Feature/caffe importer improvements (#3397)

* add mean image to ndarray converter * special handling for input layer type * added note about inconsistency of pooling with Caffe * add support for TanH and Sigmoid activations
apache · Sep 29, 2016 · 06583ee · 06583ee
1 parent b0f0b81
commit 06583ee
Show file tree

Hide file tree

Showing 3 changed files with 65 additions and 0 deletions.
diff --git a/tools/caffe_converter/README.md b/tools/caffe_converter/README.md
@@ -35,3 +35,6 @@ For example: `python convert_model.py VGG_ILSVRC_16_layers_deploy.prototxt VGG_I
 * We have verified the results of VGG_16/VGG_19 model and BVLC_googlenet results from Caffe model zoo.
 * The tool only supports single input and single output network.
 * The tool can only work with the L2LayerParameter in Caffe.
+* Caffe uses a convention for multi-strided pooling output shape inconsistent with MXNet
+    * This importer doesn't handle this problem properly yet
+    * And example of this failure is importing bvlc_Googlenet.

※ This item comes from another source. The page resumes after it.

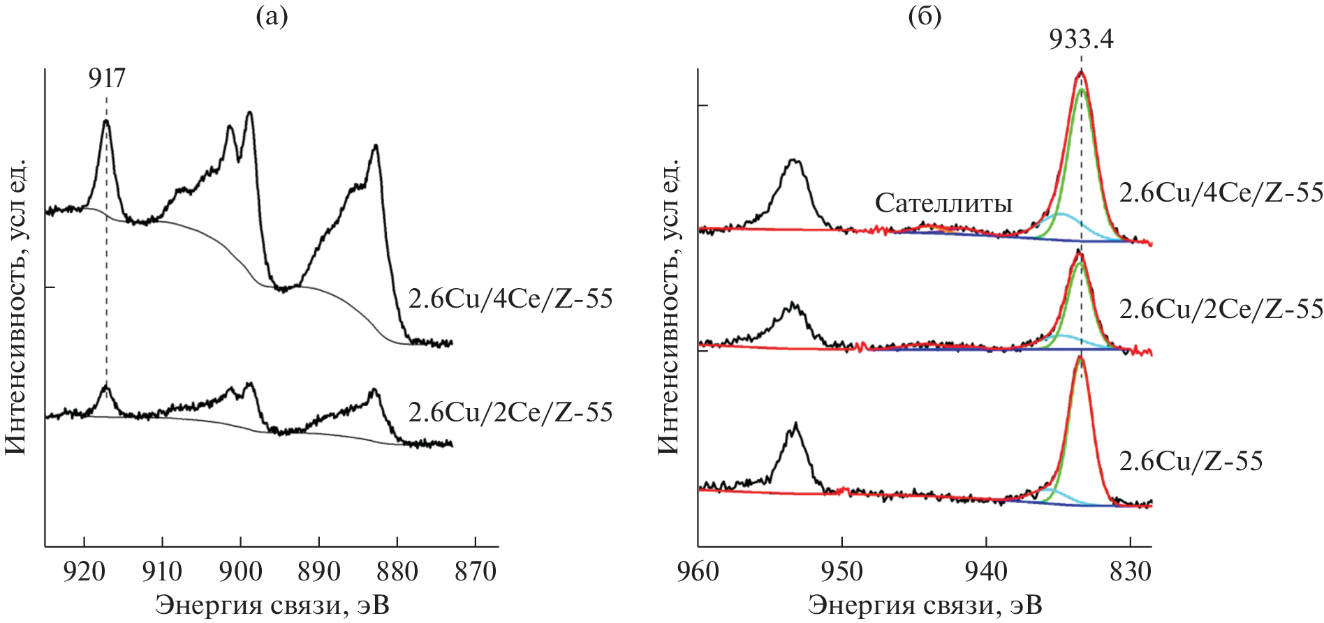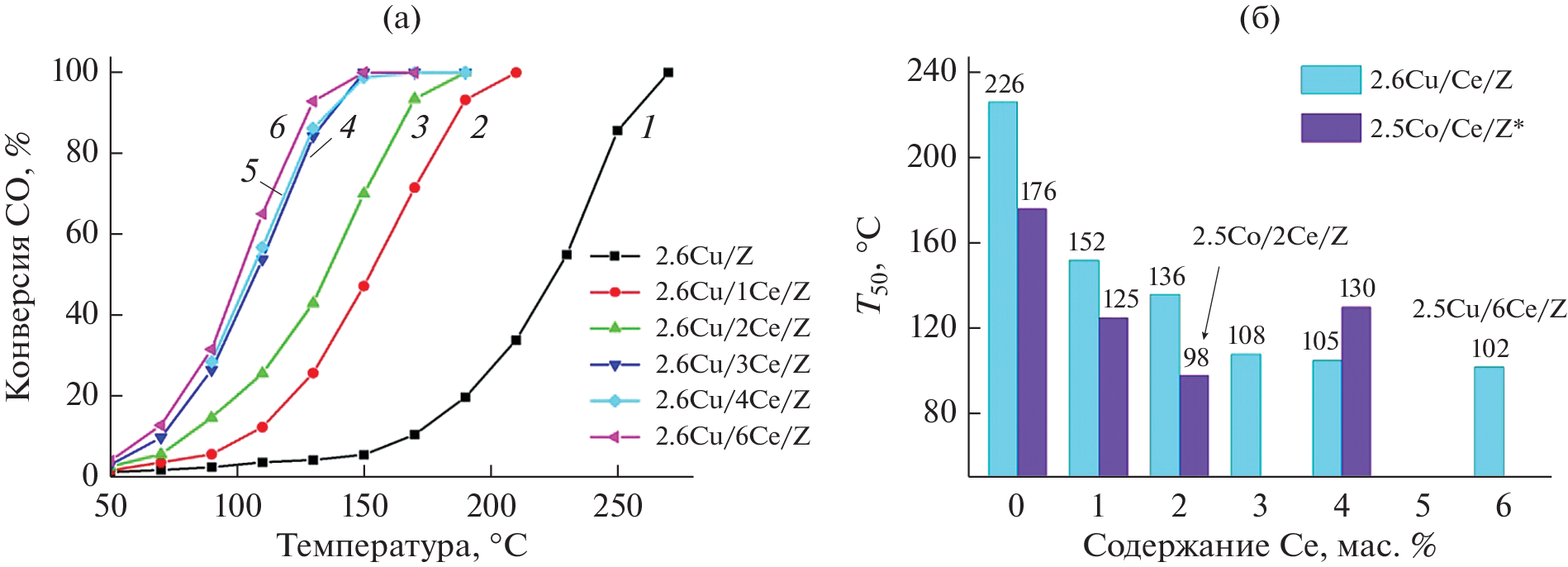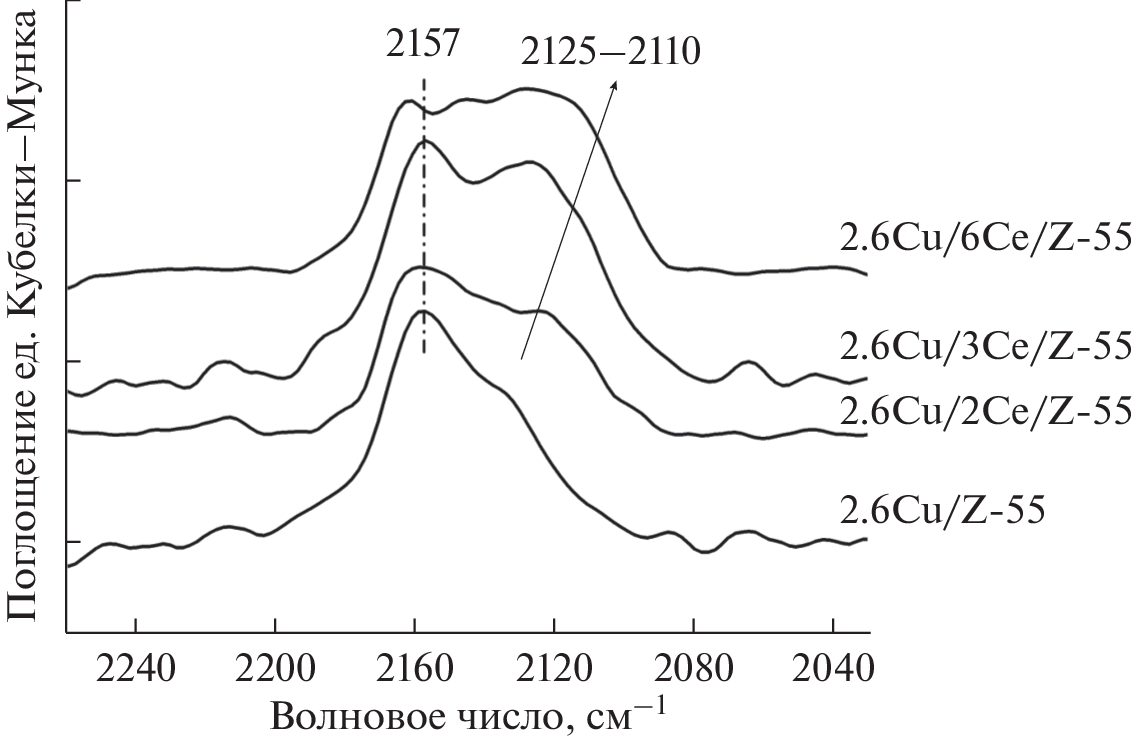 A series of mono- and bimetallic copper-cerium catalysts based on ZSM-5 zeolite with different aluminium content (SiO2/Al2O3 = 30 and 55) was synthesised by incipient wetness impregnation. The copper content was 0–4.3 wt %, and cerium loading varied in the range from 0 to 6 wt %. The obtained composites have been investigated by low temperature N2 sorption, XPS, EPR spectroscopy, UV-vis diffuse reflectance spectroscopy, DRIFT spectroscopy of adsorbed CO and tested in the reaction of catalytic oxidation of CO with oxygen. In the systems under study а pronounced synergistic effect of catalytic action of copper and cerium is observed, associated with the redox interaction between the metals. With an increase in the proportion of cerium in bimetallic systems from Сu : Ce = 6 to Сu : Ce = 1, the catalytic activity of the composites grows monotonically. The most active catalysts show 50% CO conversion at temperatures of 90–100°C. Decrease in the aluminium content in the zeolite contributes to higher catalytic activity. It has been shown that Cu+ ions bound to the surface of CeO2 particles play a key role in catalysis.

The user needs to add padding to stride-2 pooling to make this work right now.
diff --git a/tools/caffe_converter/convert_symbol.py b/tools/caffe_converter/convert_symbol.py
@@ -77,6 +77,12 @@ def proto2script(proto_file):
         input_dim = proto.input_dim
     elif len(proto.input_shape) > 0: 
         input_dim = proto.input_shape[0].dim
+    elif (layer[0].type == "Input"):
+        input_dim = layer[0].input_param.shape._values[0].dim
+        layer.pop(0)
+    else:
+        raise Exception('Invalid proto file.')   
+
     # We assume the first bottom blob of first layer is the output from data layer
     input_name = layer[0].bottom[0]
     output_name = ""
@@ -116,6 +122,14 @@ def proto2script(proto_file):
             type_string = 'mx.symbol.Activation'
             param_string = "act_type='relu'"
             need_flatten[name] = need_flatten[mapping[layer[i].bottom[0]]]
+        if layer[i].type == 'TanH' or layer[i].type == 23:
+            type_string = 'mx.symbol.Activation'
+            param_string = "act_type='tanh'"
+            need_flatten[name] = need_flatten[mapping[layer[i].bottom[0]]]
+        if layer[i].type == 'Sigmoid' or layer[i].type == 19:
+            type_string = 'mx.symbol.Activation'
+            param_string = "act_type='sigmoid'"
+            need_flatten[name] = need_flatten[mapping[layer[i].bottom[0]]]
         if layer[i].type == 'LRN' or layer[i].type == 15:
             type_string = 'mx.symbol.LRN'
             param = layer[i].lrn_param

diff --git a/tools/caffe_converter/mean_image.py b/tools/caffe_converter/mean_image.py
@@ -0,0 +1,48 @@
+import mxnet as mx
+import numpy as np
+import argparse
+
+caffe_flag = True
+try:
+    import caffe
+    from caffe.proto import caffe_pb2
+except ImportError:
+    caffe_flag = False
+    import caffe_parse.caffe_pb2
+
+def protoBlobFileToND(protofile):
+    data = ''
+    file = open(protofile, "r")
+    if not file:
+        raise self.ProcessException("ERROR (" + protofile + ")!")
+    data = file.read()
+    file.close()
+
+    if caffe_flag:
+        mean_blob = caffe.proto.caffe_pb2.BlobProto()
+    else:
+        mean_blob = caffe_parse.caffe_pb2.BlobProto()
+
+    mean_blob.ParseFromString(data)
+    img_mean_np = np.array(mean_blob.data)
+    img_mean_np = img_mean_np.reshape(
+        mean_blob.channels, mean_blob.height, mean_blob.width
+    )
+    # swap channels from Caffe BGR to RGB
+    img_mean_np2 = img_mean_np
+    img_mean_np[0] = img_mean_np2[2]
+    img_mean_np[2] = img_mean_np2[0]
+    return mx.nd.array(img_mean_np)
+
+def main():
+    parser = argparse.ArgumentParser(description='Caffe prototxt to mxnet model parameter converter.\
+                    Note that only basic functions are implemented. You are welcomed to contribute to this file.')
+    parser.add_argument('mean_image_proto', help='The protobuf file in Caffe format')
+    parser.add_argument('save_name', help='The name of the output file prefix')
+    args = parser.parse_args()
+    nd = protoBlobFileToND(args.mean_image_proto)
+    mx.nd.save(args.save_name + ".nd", {"mean_image": nd})
+
+
+if __name__ == '__main__':
+    main()